____ Given records

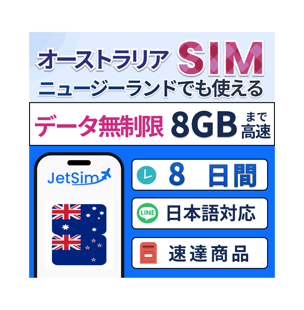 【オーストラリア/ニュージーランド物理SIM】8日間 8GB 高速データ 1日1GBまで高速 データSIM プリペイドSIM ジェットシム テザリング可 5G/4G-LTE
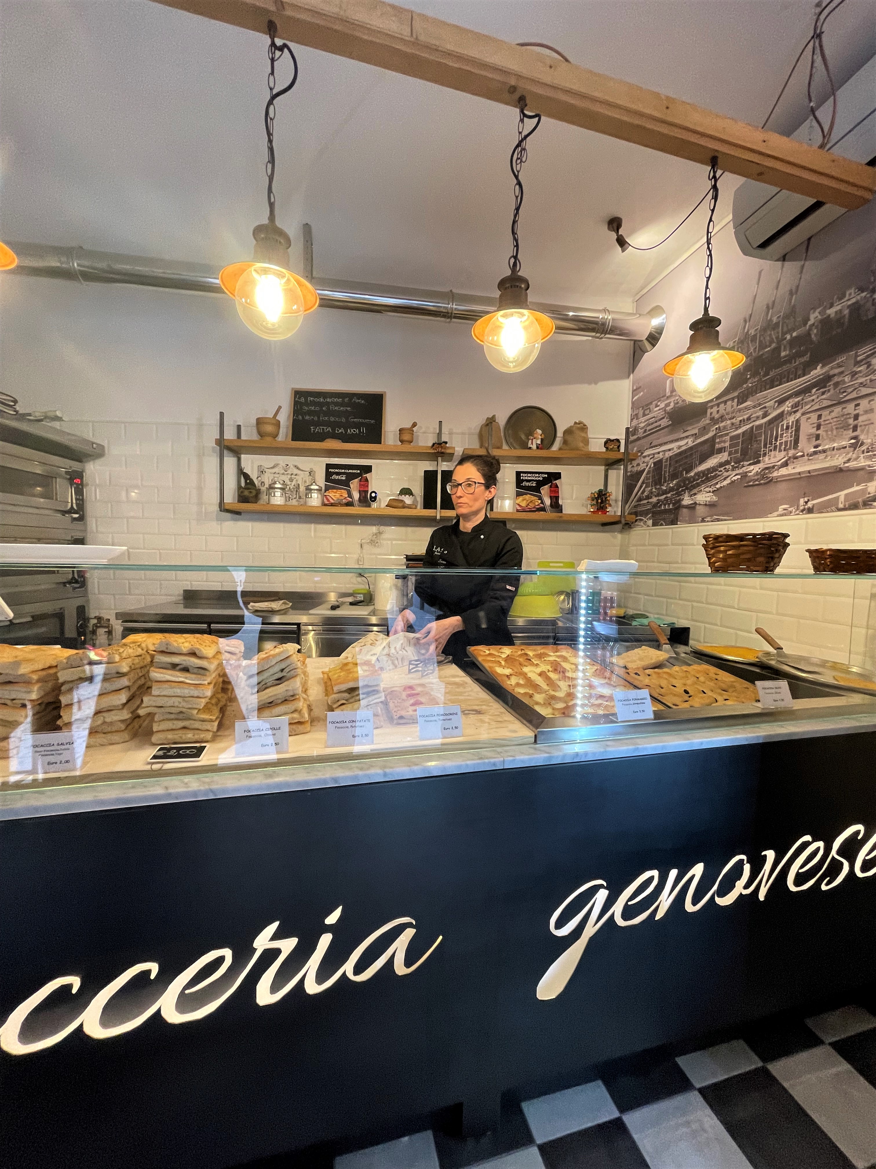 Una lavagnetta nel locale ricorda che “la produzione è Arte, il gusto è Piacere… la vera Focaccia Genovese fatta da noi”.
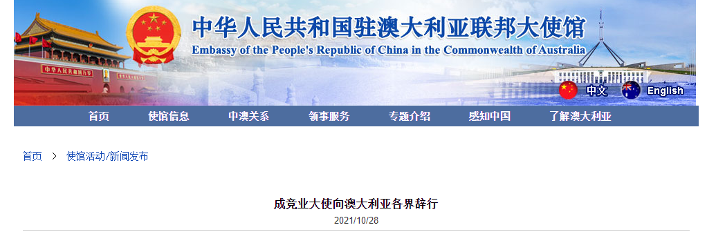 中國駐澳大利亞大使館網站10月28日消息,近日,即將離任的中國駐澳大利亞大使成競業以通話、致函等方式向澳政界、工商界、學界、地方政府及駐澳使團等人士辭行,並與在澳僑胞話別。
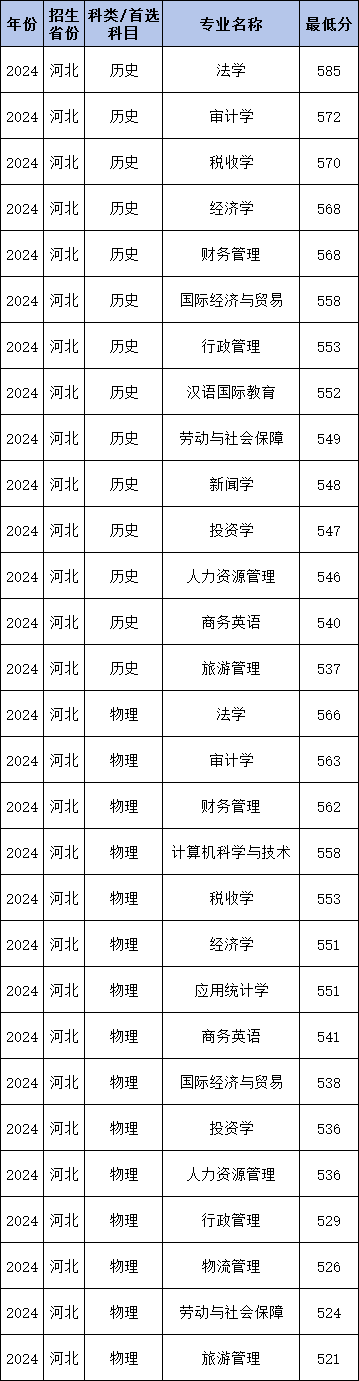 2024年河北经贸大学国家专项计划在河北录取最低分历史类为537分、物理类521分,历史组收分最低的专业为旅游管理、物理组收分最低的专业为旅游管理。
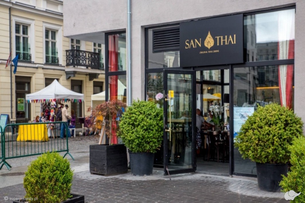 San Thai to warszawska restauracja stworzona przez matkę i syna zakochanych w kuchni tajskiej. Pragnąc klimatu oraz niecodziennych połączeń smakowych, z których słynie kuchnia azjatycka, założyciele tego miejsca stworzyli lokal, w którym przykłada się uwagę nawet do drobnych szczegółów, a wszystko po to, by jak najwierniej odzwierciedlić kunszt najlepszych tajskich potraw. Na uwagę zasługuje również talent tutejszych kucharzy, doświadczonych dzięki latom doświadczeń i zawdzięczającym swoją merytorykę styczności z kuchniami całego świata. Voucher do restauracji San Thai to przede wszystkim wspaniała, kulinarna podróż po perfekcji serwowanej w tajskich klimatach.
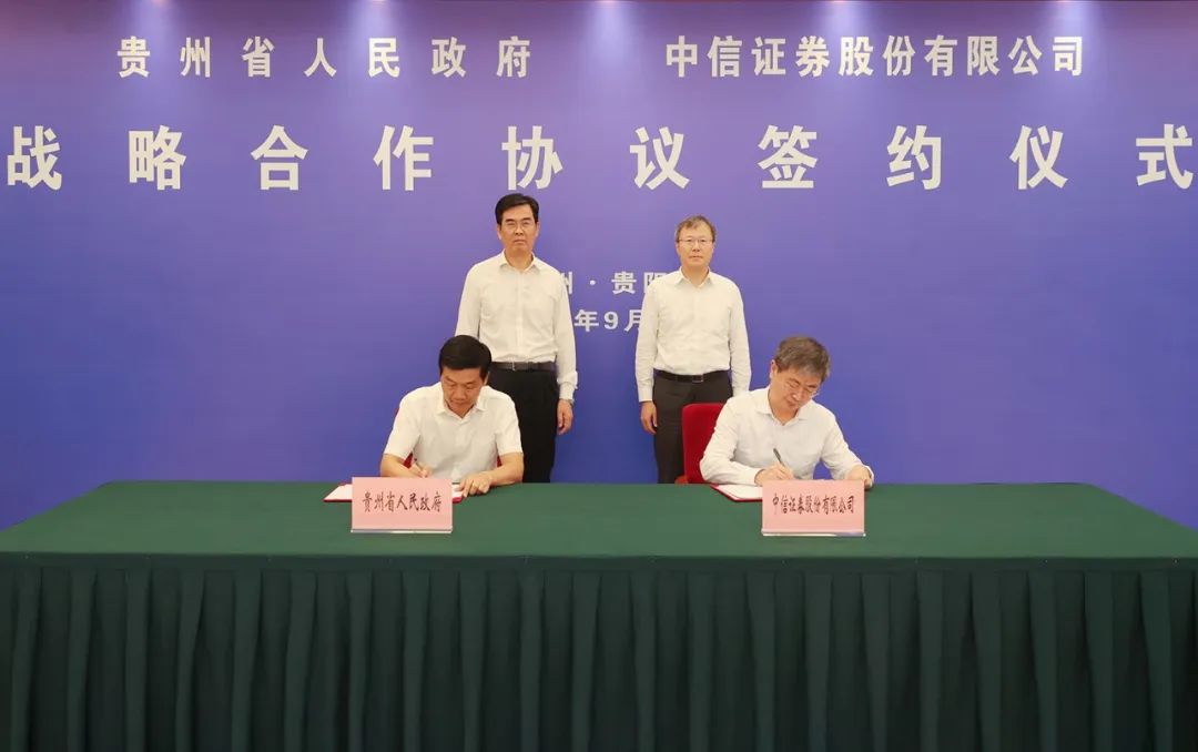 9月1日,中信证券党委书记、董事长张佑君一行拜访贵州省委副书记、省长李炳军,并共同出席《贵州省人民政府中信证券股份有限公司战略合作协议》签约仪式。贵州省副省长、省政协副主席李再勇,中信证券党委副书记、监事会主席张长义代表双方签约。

________

* _What is being asked_: Copy out each record word for word and omit any pictures.

* _Answer to this problem_:
 【オーストラリア/ニュージーランド物理SIM】8日間 8GB 高速データ 1日1GBまで高速 データSIM プリペイドSIM ジェットシム テザリング可 5G/4G-LTE
 Una lavagnetta nel locale ricorda che “la produzione è Arte, il gusto è Piacere… la vera Focaccia Genovese fatta da noi”.
 中國駐澳大利亞大使館網站10月28日消息,近日,即將離任的中國駐澳大利亞大使成競業以通話、致函等方式向澳政界、工商界、學界、地方政府及駐澳使團等人士辭行,並與在澳僑胞話別。
 2024年河北经贸大学国家专项计划在河北录取最低分历史类为537分、物理类521分,历史组收分最低的专业为旅游管理、物理组收分最低的专业为旅游管理。
 San Thai to warszawska restauracja stworzona przez matkę i syna zakochanych w kuchni tajskiej. Pragnąc klimatu oraz niecodziennych połączeń smakowych, z których słynie kuchnia azjatycka, założyciele tego miejsca stworzyli lokal, w którym przykłada się uwagę nawet do drobnych szczegółów, a wszystko po to, by jak najwierniej odzwierciedlić kunszt najlepszych tajskich potraw. Na uwagę zasługuje również talent tutejszych kucharzy, doświadczonych dzięki latom doświadczeń i zawdzięczającym swoją merytorykę styczności z kuchniami całego świata. Voucher do restauracji San Thai to przede wszystkim wspaniała, kulinarna podróż po perfekcji serwowanej w tajskich klimatach.
 9月1日,中信证券党委书记、董事长张佑君一行拜访贵州省委副书记、省长李炳军,并共同出席《贵州省人民政府中信证券股份有限公司战略合作协议》签约仪式。贵州省副省长、省政协副主席李再勇,中信证券党委副书记、监事会主席张长义代表双方签约。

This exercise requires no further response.